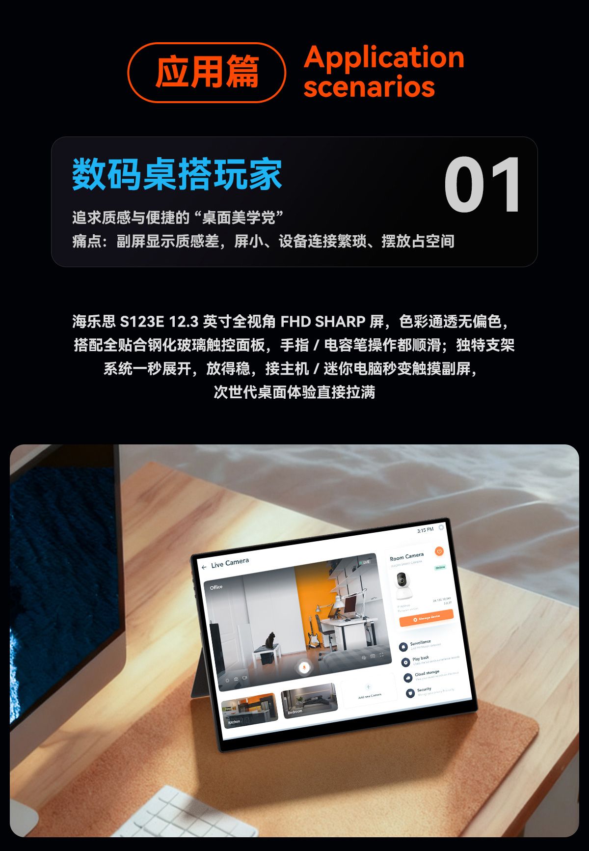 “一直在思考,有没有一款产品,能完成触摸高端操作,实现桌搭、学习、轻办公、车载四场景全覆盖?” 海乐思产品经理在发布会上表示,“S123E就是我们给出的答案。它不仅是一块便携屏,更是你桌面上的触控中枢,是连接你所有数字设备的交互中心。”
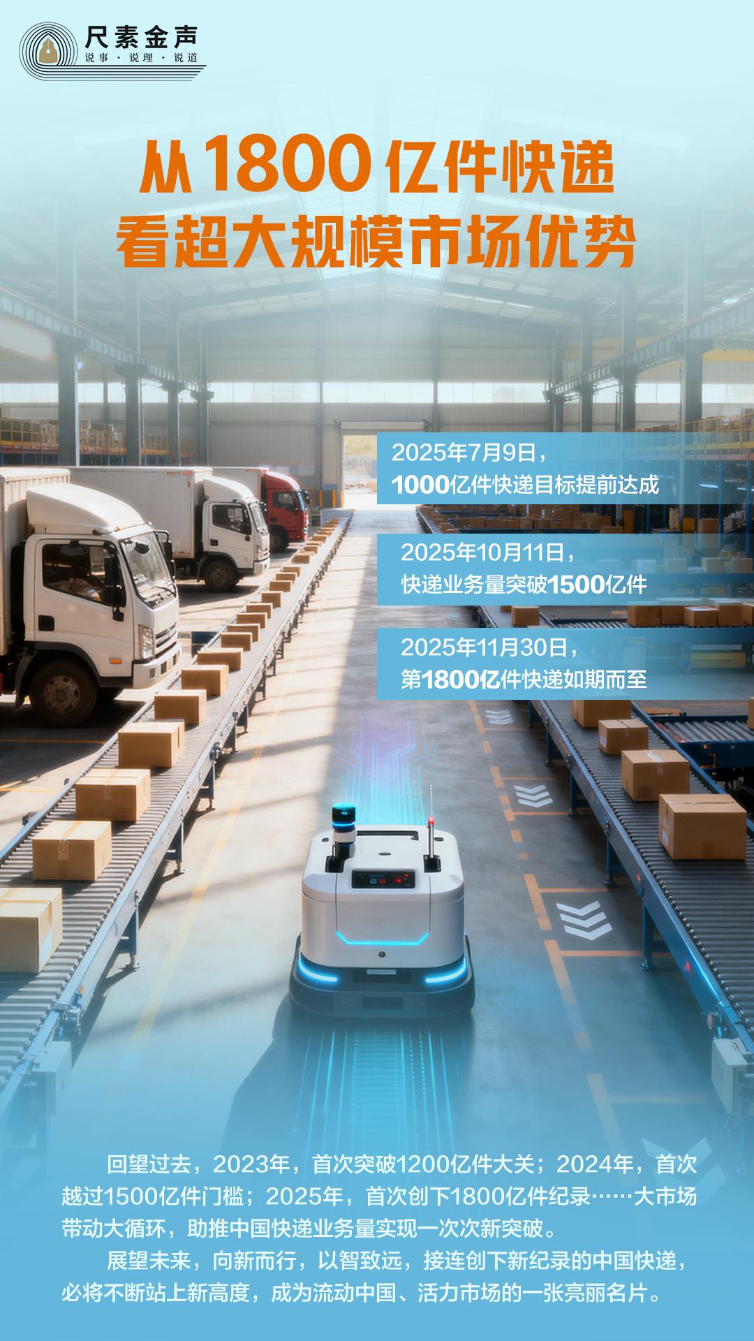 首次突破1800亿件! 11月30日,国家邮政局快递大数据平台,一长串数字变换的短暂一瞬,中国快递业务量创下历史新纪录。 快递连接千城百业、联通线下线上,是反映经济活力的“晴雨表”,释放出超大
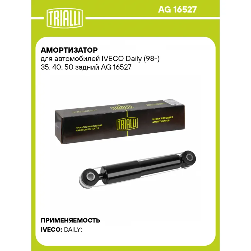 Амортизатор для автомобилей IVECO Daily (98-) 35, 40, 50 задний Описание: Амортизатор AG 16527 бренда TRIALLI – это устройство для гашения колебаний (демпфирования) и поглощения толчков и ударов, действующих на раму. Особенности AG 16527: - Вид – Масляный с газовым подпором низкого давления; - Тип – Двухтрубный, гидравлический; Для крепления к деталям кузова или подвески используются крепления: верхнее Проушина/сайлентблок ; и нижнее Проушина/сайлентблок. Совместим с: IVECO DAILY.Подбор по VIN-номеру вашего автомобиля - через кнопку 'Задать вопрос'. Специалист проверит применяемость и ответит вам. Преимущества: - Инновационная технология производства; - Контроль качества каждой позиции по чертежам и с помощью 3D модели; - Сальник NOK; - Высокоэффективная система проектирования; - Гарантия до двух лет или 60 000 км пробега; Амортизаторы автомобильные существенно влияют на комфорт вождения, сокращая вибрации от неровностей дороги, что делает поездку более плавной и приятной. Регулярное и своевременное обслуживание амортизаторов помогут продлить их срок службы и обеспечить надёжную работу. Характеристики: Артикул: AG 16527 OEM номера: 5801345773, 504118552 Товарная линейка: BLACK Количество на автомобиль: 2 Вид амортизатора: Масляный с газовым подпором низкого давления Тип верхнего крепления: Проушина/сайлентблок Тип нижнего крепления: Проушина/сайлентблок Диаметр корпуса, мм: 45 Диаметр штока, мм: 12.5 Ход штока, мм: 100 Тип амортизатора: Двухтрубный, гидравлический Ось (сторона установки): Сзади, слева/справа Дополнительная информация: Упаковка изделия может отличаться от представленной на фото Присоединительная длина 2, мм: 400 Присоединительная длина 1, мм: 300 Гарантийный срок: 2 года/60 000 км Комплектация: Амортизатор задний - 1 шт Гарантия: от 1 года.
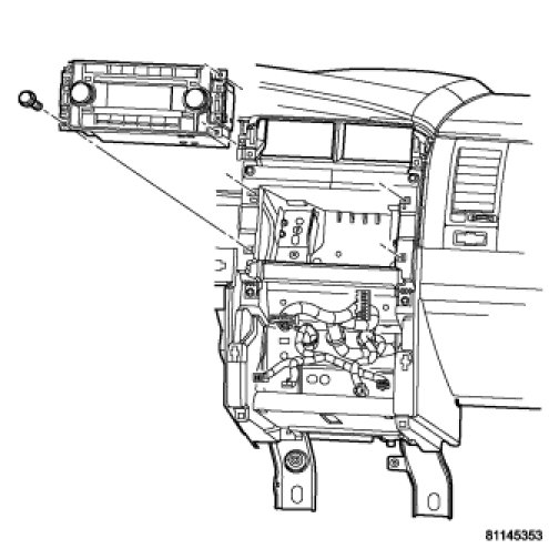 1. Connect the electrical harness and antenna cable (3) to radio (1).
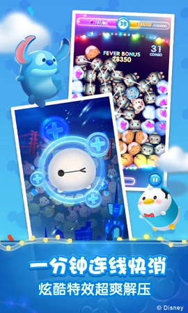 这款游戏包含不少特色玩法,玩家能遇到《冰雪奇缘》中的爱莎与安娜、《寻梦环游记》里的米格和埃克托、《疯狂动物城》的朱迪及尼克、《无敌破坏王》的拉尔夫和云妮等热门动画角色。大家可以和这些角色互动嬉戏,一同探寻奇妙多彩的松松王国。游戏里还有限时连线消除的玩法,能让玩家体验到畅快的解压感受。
= = =
Your instructions → With the pictures removed, return the listing above in its exact original wording.

Task result →
 “一直在思考,有没有一款产品,能完成触摸高端操作,实现桌搭、学习、轻办公、车载四场景全覆盖?” 海乐思产品经理在发布会上表示,“S123E就是我们给出的答案。它不仅是一块便携屏,更是你桌面上的触控中枢,是连接你所有数字设备的交互中心。”
 首次突破1800亿件! 11月30日,国家邮政局快递大数据平台,一长串数字变换的短暂一瞬,中国快递业务量创下历史新纪录。 快递连接千城百业、联通线下线上,是反映经济活力的“晴雨表”,释放出超大
 Амортизатор для автомобилей IVECO Daily (98-) 35, 40, 50 задний Описание: Амортизатор AG 16527 бренда TRIALLI – это устройство для гашения колебаний (демпфирования) и поглощения толчков и ударов, действующих на раму. Особенности AG 16527: - Вид – Масляный с газовым подпором низкого давления; - Тип – Двухтрубный, гидравлический; Для крепления к деталям кузова или подвески используются крепления: верхнее Проушина/сайлентблок ; и нижнее Проушина/сайлентблок. Совместим с: IVECO DAILY.Подбор по VIN-номеру вашего автомобиля - через кнопку 'Задать вопрос'. Специалист проверит применяемость и ответит вам. Преимущества: - Инновационная технология производства; - Контроль качества каждой позиции по чертежам и с помощью 3D модели; - Сальник NOK; - Высокоэффективная система проектирования; - Гарантия до двух лет или 60 000 км пробега; Амортизаторы автомобильные существенно влияют на комфорт вождения, сокращая вибрации от неровностей дороги, что делает поездку более плавной и приятной. Регулярное и своевременное обслуживание амортизаторов помогут продлить их срок службы и обеспечить надёжную работу. Характеристики: Артикул: AG 16527 OEM номера: 5801345773, 504118552 Товарная линейка: BLACK Количество на автомобиль: 2 Вид амортизатора: Масляный с газовым подпором низкого давления Тип верхнего крепления: Проушина/сайлентблок Тип нижнего крепления: Проушина/сайлентблок Диаметр корпуса, мм: 45 Диаметр штока, мм: 12.5 Ход штока, мм: 100 Тип амортизатора: Двухтрубный, гидравлический Ось (сторона установки): Сзади, слева/справа Дополнительная информация: Упаковка изделия может отличаться от представленной на фото Присоединительная длина 2, мм: 400 Присоединительная длина 1, мм: 300 Гарантийный срок: 2 года/60 000 км Комплектация: Амортизатор задний - 1 шт Гарантия: от 1 года.
 1. Connect the electrical harness and antenna cable (3) to radio (1).
 这款游戏包含不少特色玩法,玩家能遇到《冰雪奇缘》中的爱莎与安娜、《寻梦环游记》里的米格和埃克托、《疯狂动物城》的朱迪及尼克、《无敌破坏王》的拉尔夫和云妮等热门动画角色。大家可以和这些角色互动嬉戏,一同探寻奇妙多彩的松松王国。游戏里还有限时连线消除的玩法,能让玩家体验到畅快的解压感受。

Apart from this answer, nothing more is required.